*** Opening of Source records ***

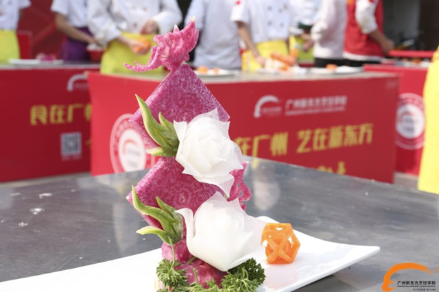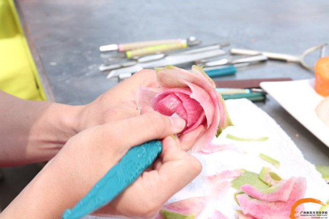 4月1日,广州新东方烹饪学校举办了雕刻比赛,比赛中,新东方学子们大展绝技,在他们的巧手雕刻下,原本完完整整的果蔬瞬间脱胎换骨,华丽变装,争奇斗艳,完美逆袭。果蔬雕刻大赛展魅力 逼真作品惊艳校园
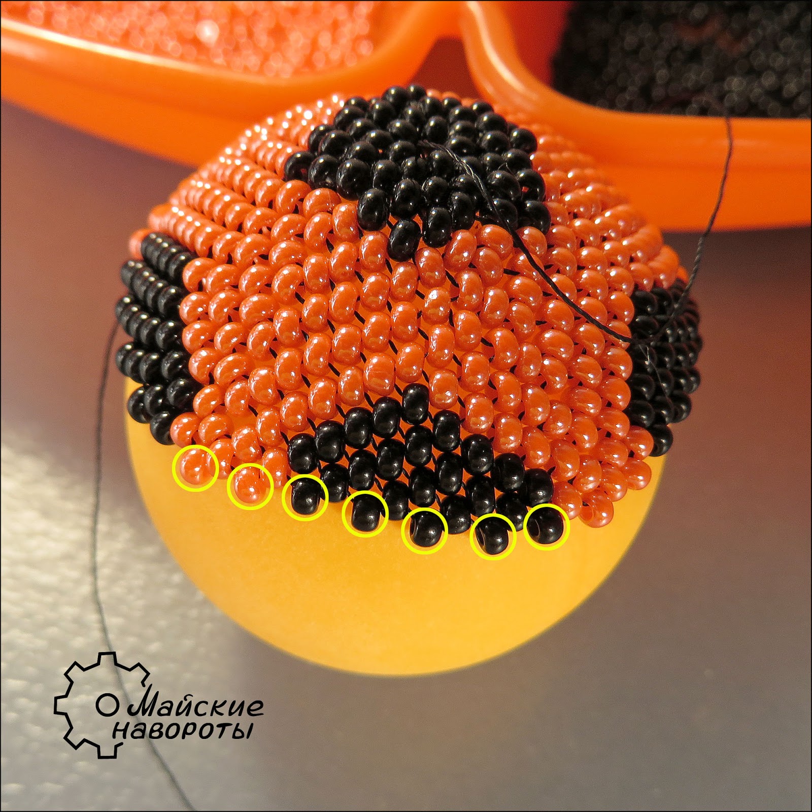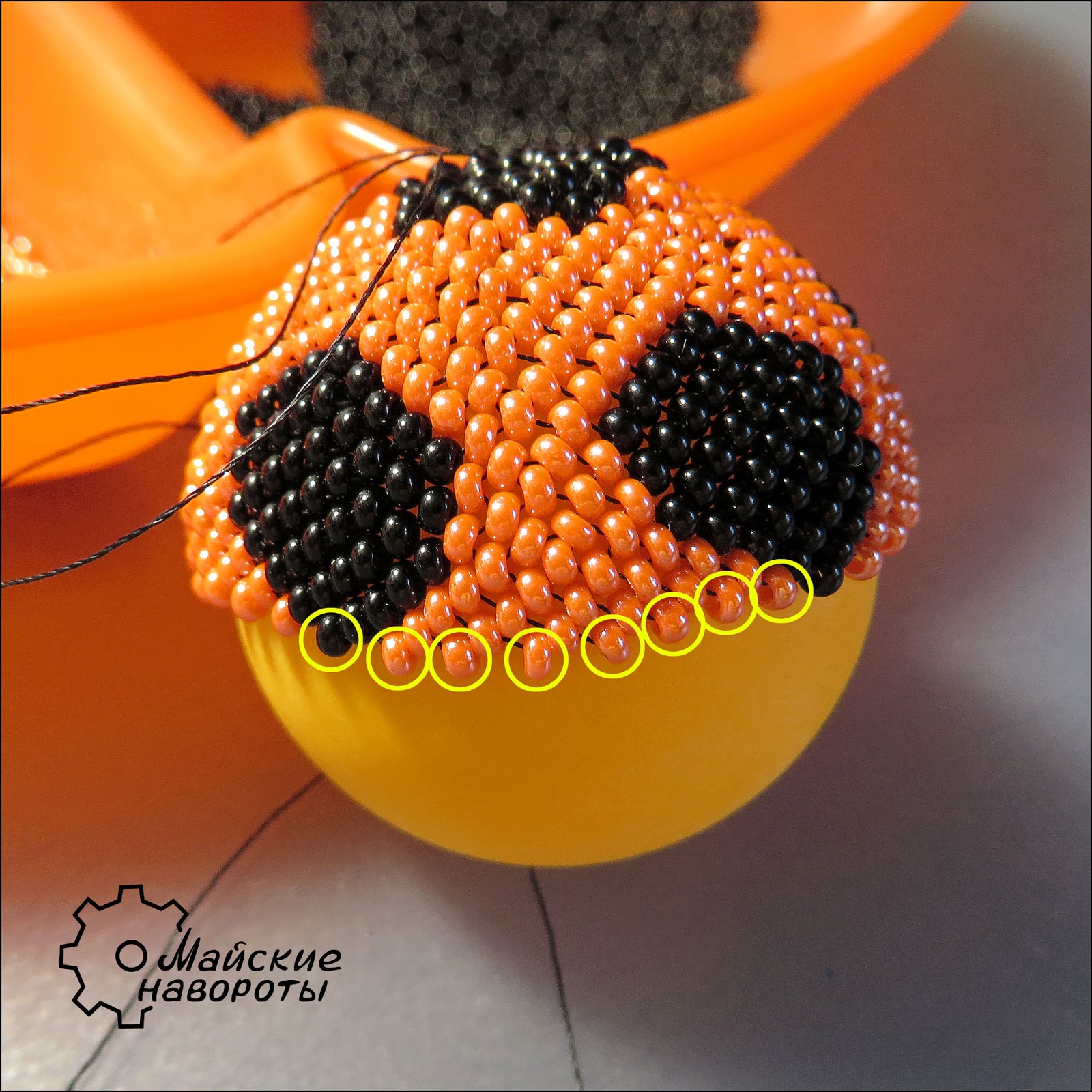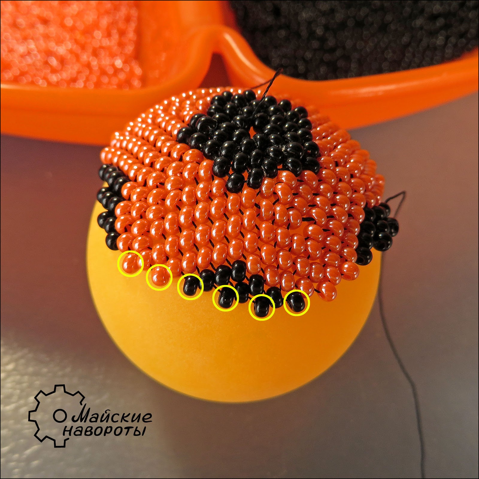 7. Шестой ряд. 1 черная - 2 оранжевые. Надеюсь, читатели мастер-класса знакомы с мозаичной техникой плетения по кругу, и видят, что шаг в 2 оранжевые бисерины шестого ряда находится над шагом в 2 черные бисерины третьего ряда. Далее я на этом внимание заострять не буду - ориентироваться предлагаю за счет сравнения вашего плетения с картинкой.8. Седьмой ряд, шаг в 1 оранжевую бисерину.
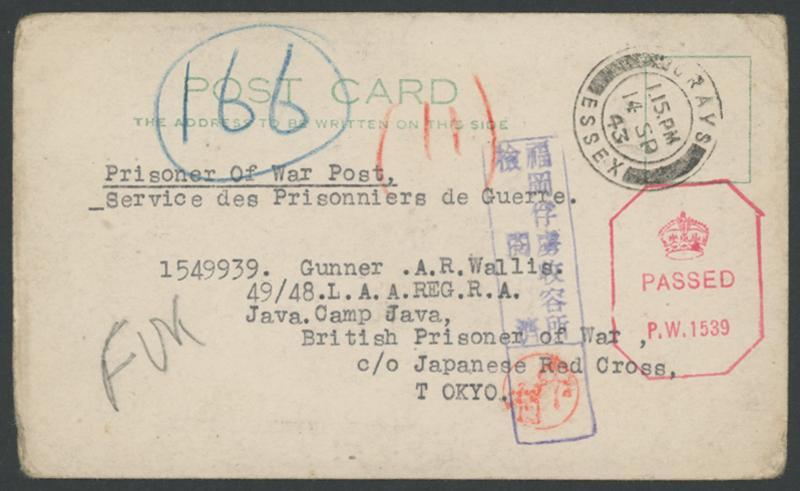 1943 (Sep 14) Fukuoka (Number 11) Prisoner of War Camp, Kyushu plain postcard from Essex to "Java Camp" with British censor, in Japan redirected to "FUK" Branch Camp "(11)" with Fukuoka censor in violet & unidentified han in scarlet, pencilled "Received 23.1.45" on reverse, bumped corners. The Japanese POW Research Network lists Fukuoka branch camps up to '27', but no '11', which presumably was absorbed into another camp. (Image1)
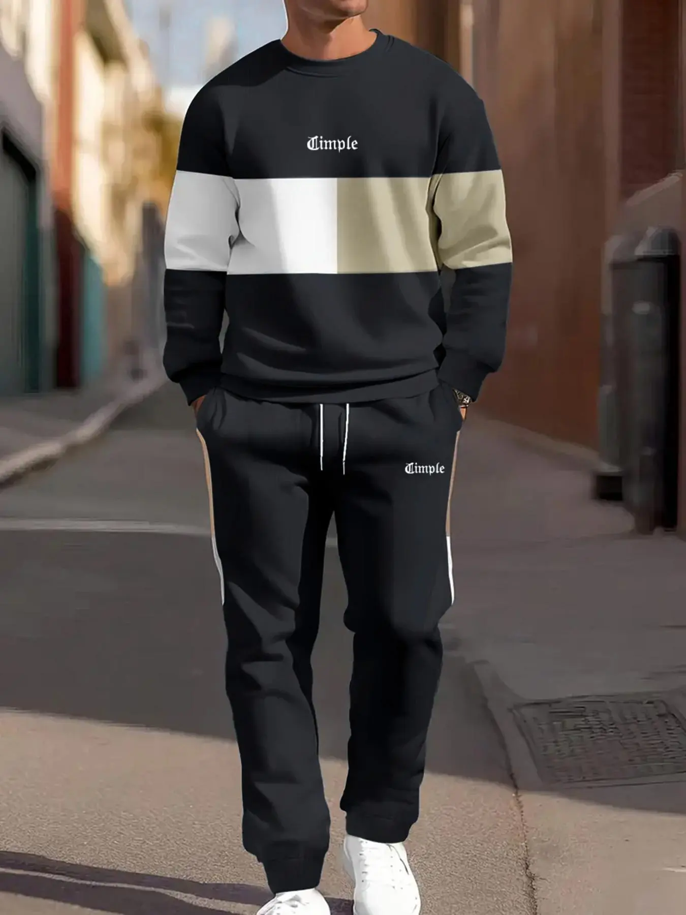 Men's Patchwork Letter-Print Sweatshirt & Drawstring Waist Sweatpants Set, Casual Round Neck Long Sleeve Pullover & Jogger Pants with Pockets, Matching Two-piece Outfits, Sweatsuit Matching Set for Fall & Winter
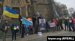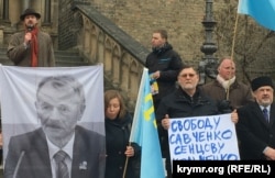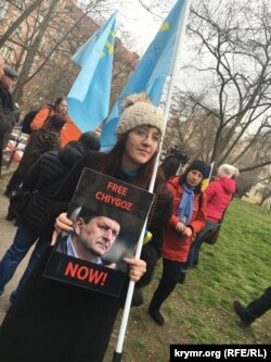 Ukrain ve qırımtatarlardan ğayrı, mitingge yerli sakinler de keldi. Pragalı Sonâ Ahtem Çiygoznı azat etmek talabı ile levhanı tuta edi.
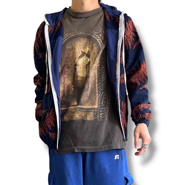 ●詳細 ・葉柄が全体に施された、デザインジップアップパーカー。 ネイビーボディにブラウンの葉柄に 白の紐とパイピングでメリハリがついた1枚。 ハンドメイドによる1点ものの希少性と 温もりある丁寧な作りが魅力的なアイテムです。 ●着用モデル ・168cm ●サイズ ・OS (着丈:約69cm / 身幅:約53cm / 肩幅:約49cm / 袖丈:約62cm) ※多少の誤差は予めご了承ください。 ●カラー ・ネイビー / ブラウン ※モニターの発色により実物と異なる場合がございます。予めご了承ください。 ●素材 ・不明(おそらくポリエステル、コットン。) ●状態 ・着用感、僅かながらなダメージはございますが、比較的綺麗な状態です。 画像にてご確認ください。 ※こちらの商品はUSEDアイテムです。 ※サイズ、状態を理由に返品・交換は受け付けていませんので、 気になる点はご購入前に必ずお問い合わせください。 ※USEDアイテムにご理解ある方のみご購入お願いいたします。
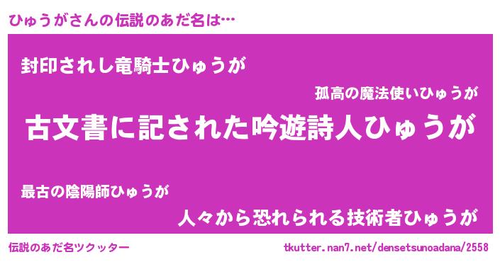 | ヘコむあだ名 | 『ひゅうが(小並感)』『ひゅもー』 |
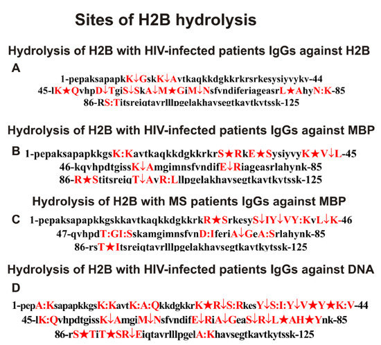Hydrolysis of H2B by HIV-infected patients’ antibodies against this histone occurs at 11 sites (Figure 8A, Table 1). For hydrolysis of H2B with antibodies against MBP of HIV-infected patients, 10 hydrolysis sites were found (Figure 8B, Table 1). Interestingly, there is no overlap among these sites. For comparison, Table 1 shows the data on the sites of H2B hydrolysis by IgGs against MBP of MS patients. In the case of Abs against MBP of MS patients, 11 hydrolysis sites were found (Figure 8C). The 10 and 11 sites of H2B hydrolysis by IgGs against MBP from the blood of HIV-infected and MS patients (Figure 8B,C) are located mainly in the same clusters of this histone sequence. However, there are also no same sites of H2B cleavage (Figure 8B,C).
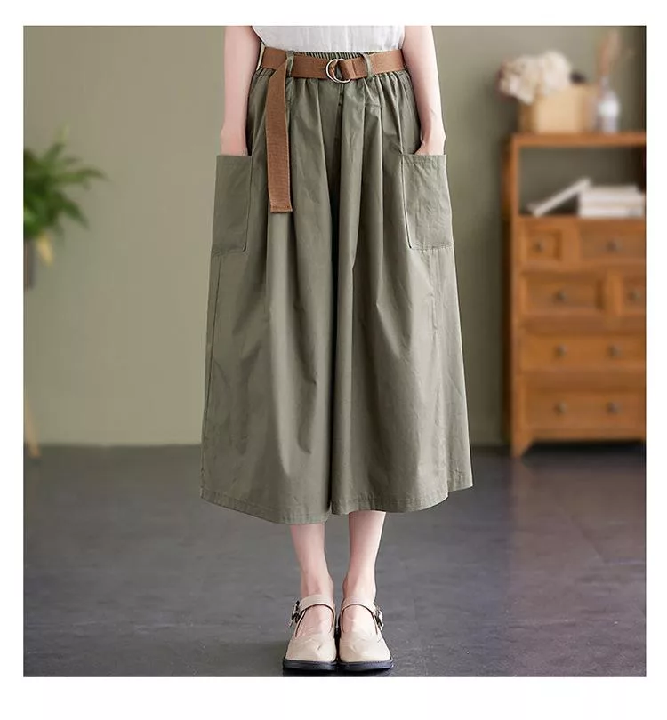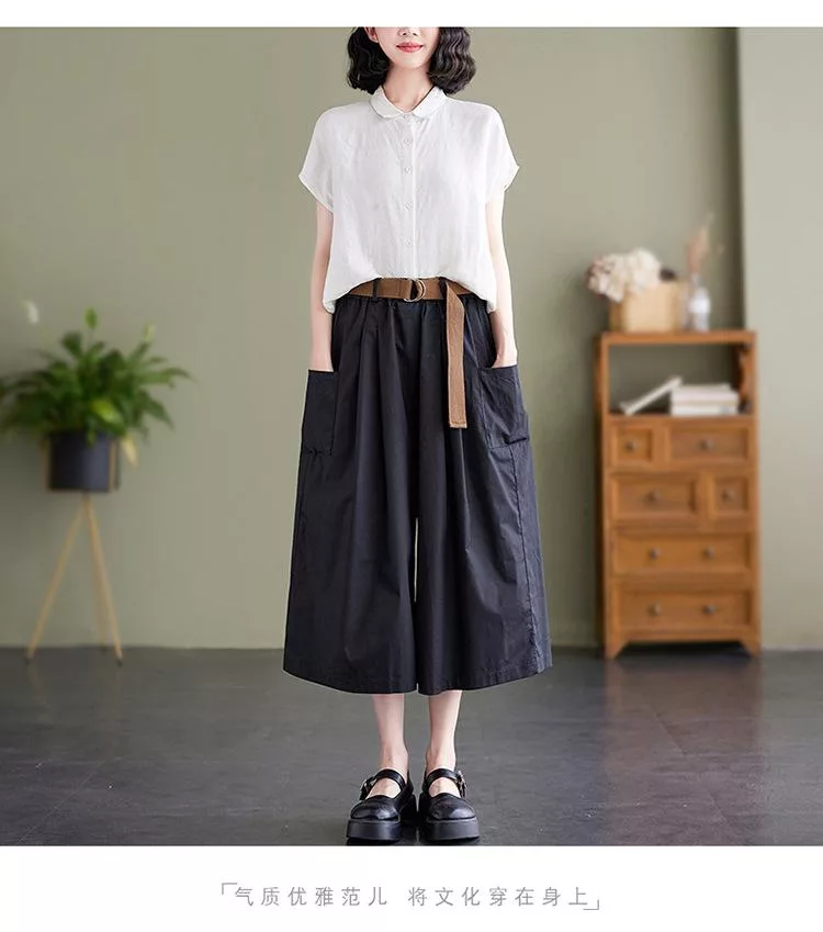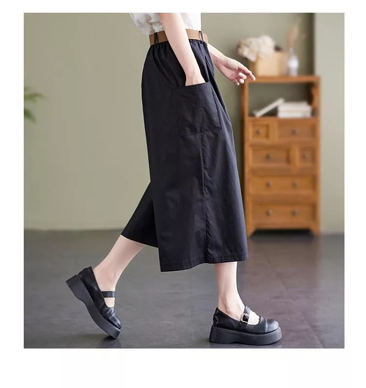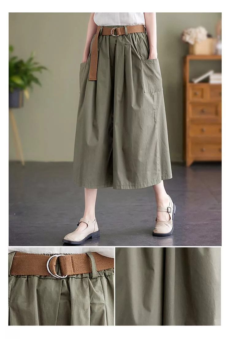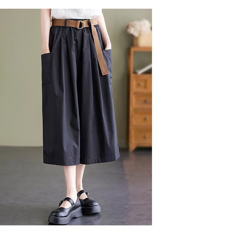 【慢。生活】鬆緊腰附腰帶顯瘦七分闊腿褲 8268  FREE 黑色
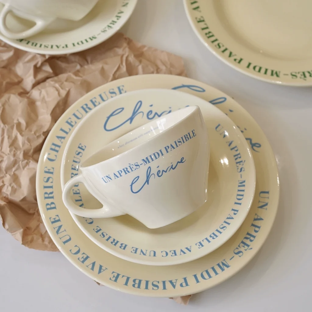 Vintage French cream coffee cup and plate
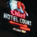 The Chief Hotel Court opened in 1939 near Las Vegas’ downtown district at 1201 E. Fremont Street. The neon sign that remains from the property was created circa 1940, making it one of the oldest neon signs in Las Vegas today. It has been completely restored and is now installed as part of the Neon Museum’s Downtown Gallery on Fremont Street at Las Vegas Boulevard.
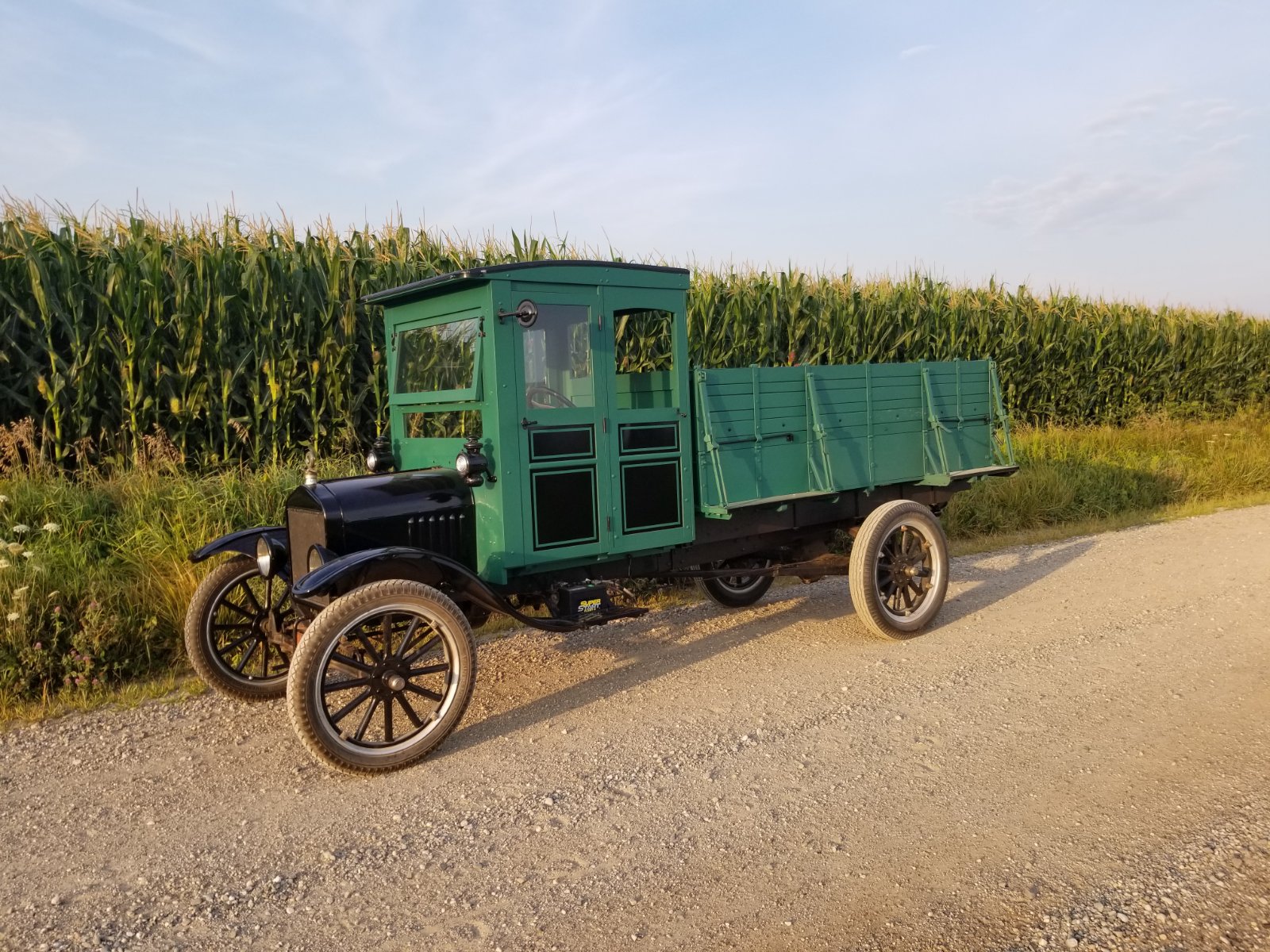 1923 TT with a Martin-Parry No. 20 vestibule cab. It has an American 8in1 convertible motor truck body " bed" that is 9ft long. It has an aftermarket period frame extension with a Chicago 3 speed trans. Its 17 ft. long and 7ft 4in tall. It has high speed gears in the rear and an Apco explosion proof muffler. Kelsey 33x4 1/2 in wheels in the rear and kelsey 30x3 1/2 front wheels. Maybe some guys that are thinking they may want a TT can see all the different styles and options, we can push them over the edge into the twisted world of the TT truck.

*** Close of Source records ***

**What the exercise asks**
The answer must consist solely of the lines from the first line of the records through the line containing "7. Шестой ряд.", reproduced exactly and without the pictures.

**Response area**
 4月1日,广州新东方烹饪学校举办了雕刻比赛,比赛中,新东方学子们大展绝技,在他们的巧手雕刻下,原本完完整整的果蔬瞬间脱胎换骨,华丽变装,争奇斗艳,完美逆袭。果蔬雕刻大赛展魅力 逼真作品惊艳校园
 7. Шестой ряд. 1 черная - 2 оранжевые. Надеюсь, читатели мастер-класса знакомы с мозаичной техникой плетения по кругу, и видят, что шаг в 2 оранжевые бисерины шестого ряда находится над шагом в 2 черные бисерины третьего ряда. Далее я на этом внимание заострять не буду - ориентироваться предлагаю за счет сравнения вашего плетения с картинкой.8. Седьмой ряд, шаг в 1 оранжевую бисерину.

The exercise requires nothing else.